In Karabach hat Vardanian, der die russische Staatsbürgerschaft aufgegeben hat, um den Posten eines Staatsministers oder Regierungschefs in diesem Gebiet zu übernehmen, „an der Gründung und den Aktivitäten bewaffneter Formationen teilgenommen, die in der aserbaidschanischen Gesetzgebung nicht vorgesehen sind“, erklärt der aserbaidschanische Staatssicherheitsdienst.

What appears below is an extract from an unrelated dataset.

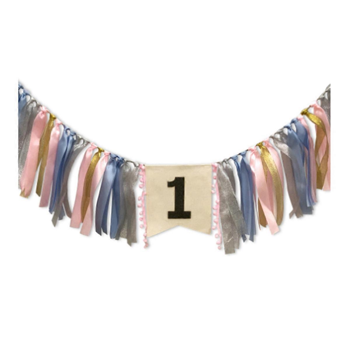 1st Birthday Party Decoration Set Blue Pink Theme Banner Photo Props Colorful Cloth Balloons Tablewa

Außerdem habe er „an der Lieferung von Waffen und militärischer Ausrüstung an illegale militärische Formationen teilgenommen, die Angriffe auf Institutionen, Organisationen und Einzelpersonen verübten, was zu Todesfällen und anderen schwerwiegenden Folgen führte“, heißt es in der Anklageschrift. Aserbaidschan behauptet außerdem, dass Vardanian „an der Finanzierung des Terrorismus beteiligt war, indem er Gelder für die Organisation terroristischer Aktivitäten dieser illegalen bewaffneten Gruppen bereitstellte“, und bezieht sich dabei auf die Karabach-Kräfte.
Das Strafgesetzbuch sieht 10 bis 14 Jahre Gefängnis für die Finanzierung von Terrorismus, 12 bis 20 Jahre für die Bildung illegaler bewaffneter Gruppen mit Todesfolge und bis zu zwei Jahre für illegalen Grenzübertritt vor, eine Strafe, die durch eine Geldstrafe von bis zu 1.800 Dollar ausgeglichen werden kann. Vardanián war der erste ehemalige hochrangige Beamte aus Karabach, der von Aserbaidschan verhaftet wurde.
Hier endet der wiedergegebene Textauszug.